Śmiertelny wypadek w Aragonii, w północno-wschodniej części Hiszpanii. Trzech alpinistów straciło wczoraj życie podczas wspinaczki na Moncayo, najwyższy szczyt Gór Iberyjskich (2313 m n.p.m).
Do tragicznych wydarzeń doszło na niebezpiecznym odcinku zwanym Escupidera. Zgłoszenie z prośbą o pomoc wpłynęło w sobotę około godziny 14:00. Do akcji natychmiast ruszyła grupa ratowników górskich. Niestety, warunki pogodowe nie były sprzyjające. Śmigłowiec nie był wylądować w pobliżu miejsca wypadku. Ratownicy musieli dotrzeć do poszkodowanych o własnych siłach.
Gdy pomoc pojawiła się na miejscu, dwóch alpinistów już nie żyło. Trzeciemu z nich udzielono pomocy, ale w związku z odniesionymi obrażeniami mężczyzna zmarł.
Portal gazety "El Pais" podaje, że jeden ze wspinaczy spadł, a pozostali ulegli wypadkowi, próbując mu pomóc. Strażacy przekazali, że ofiary to członkowie grupy alpinistycznej z Madrytu.
Escupidera to niezwykle stromy teren. Eksperci i ratownicy apelują, aby wybierając się w to miejsce zachować szczególną ostrożność. W sobotę warunki w tym miejscu były wyjątkowo niekorzystne. Choć padał śnieg i mocno wiało, to wielu turystów zdecydowało się wyjść w góry.
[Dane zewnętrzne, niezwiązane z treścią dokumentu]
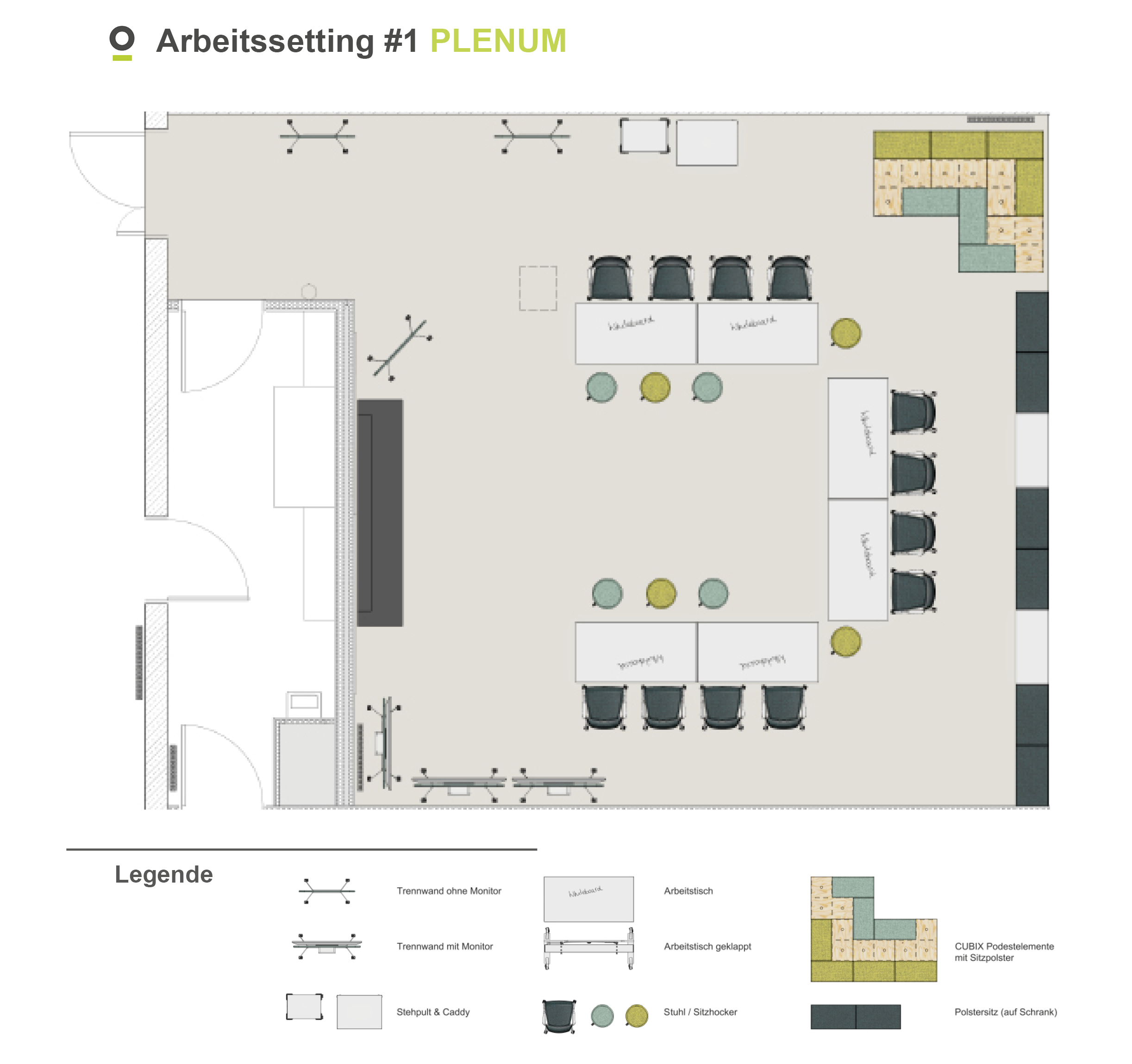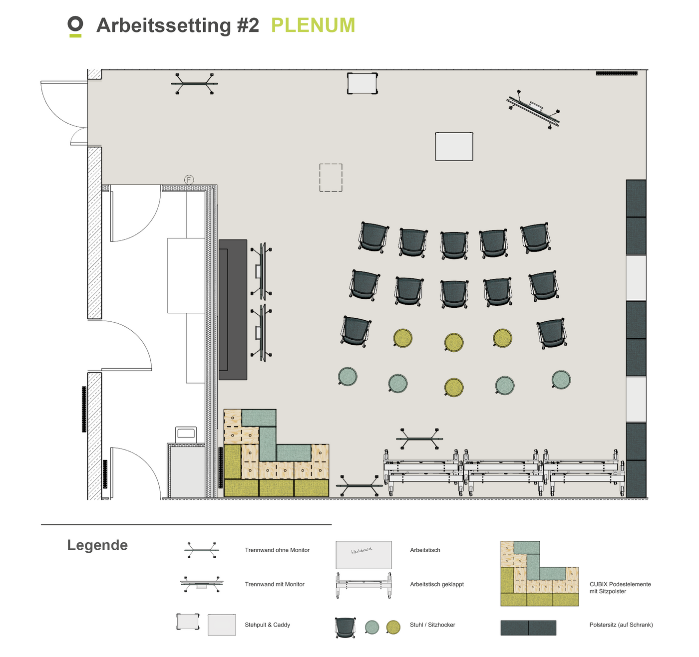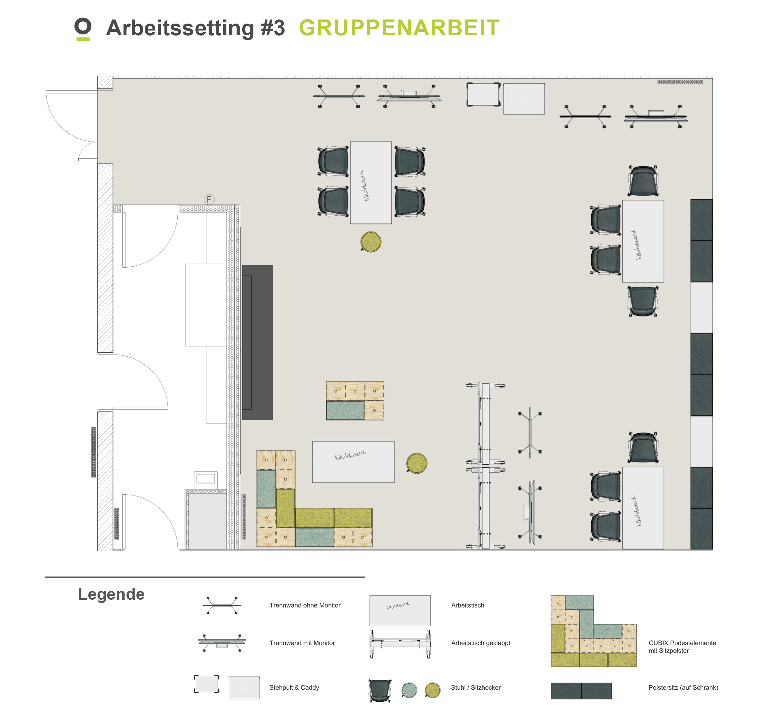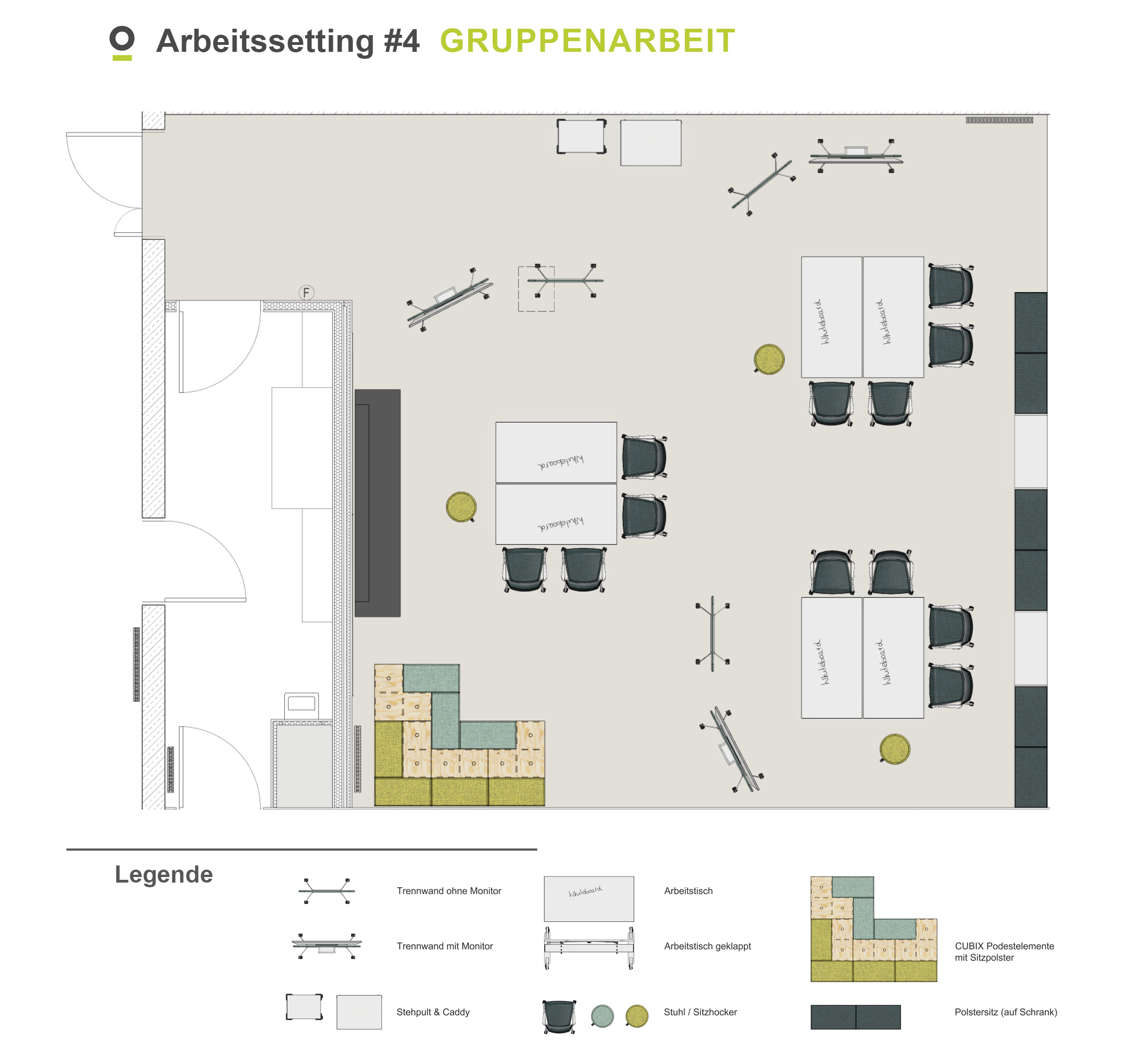 Zur Orientierung wurden vier exemplarische Settings visualisiert: zwei für Plenumsarbeit, zwei für Kleingruppen.

Moncayo o tej porze roku to piekło - mówi w rozmowie ze stacją radiową SER Ismael Gonzalez z urzędu miasta Tarazona. Informuje, że właśnie w lutym i marcu w drodze na szczyt dochodzi do największej liczby wypadków śmiertelnych.
Ludzie myślą, że skoro jest lepsza pogoda, to już jest w porządku, ale Moncayo nie przypomina żadnego szczytu w okolicy i jest bardzo niebezpieczny (...) Najpierw pokazuje ci jedno oblicze, a potem zupełnie inne - tłumaczy Gonzalez.